Everyone Looked Out the Window
Sara, a Berlin blogger at DragstripGirl, posted something I haven’t been able to shake. She was on a regional Deutsche Bahn train—middle of the day, other passengers around her—when a woman started shouting. Not muttering. Shouting. "Germany for Germans." A man from Thuringia, shaved head, nodded along, pleased to have found someone to harmonize with.
The things the woman said next I won’t soften. She called for Black people to be put in ovens. She said foreigners should be gassed "like the Jews." She was cheerful about it. The smile on her face, Sara wrote, had the quality of someone reciting a prayer they’d been waiting all day to say out loud.
Sara screamed back. Not argument—just screaming, the kind that fills a train car. She turned on the silent passengers too, the ones performing neutrality, careful not to take sides. She named what they were doing. The racist woman threatened to stab her. Nobody moved. The train pulled into a station, people got off, the woman walked away.
That’s the shape of it: no climax, no consequence, no one getting what they deserve. The small racism doesn’t need a dramatic ending to do its work. It just needs everyone to look out the window.
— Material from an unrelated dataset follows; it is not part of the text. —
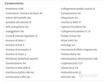 Tastiera a 49 tasti con interfaccia MIDI USB. Per le caratteristiche vedere l'ultima foto. Usata poche volte. Non dotata di confezione originale.

Almost seventy years on and the ideology hasn’t gone anywhere—it just becomes more or less willing to say itself in public depending on the weather. The people shouting it probably can’t picture what the world they’re nostalgic for actually looked, felt, or smelled like. They just want permission: to hate loudly, in daylight, in a train car full of witnesses. Sara didn’t give it to them. That’s not nothing. It might be everything.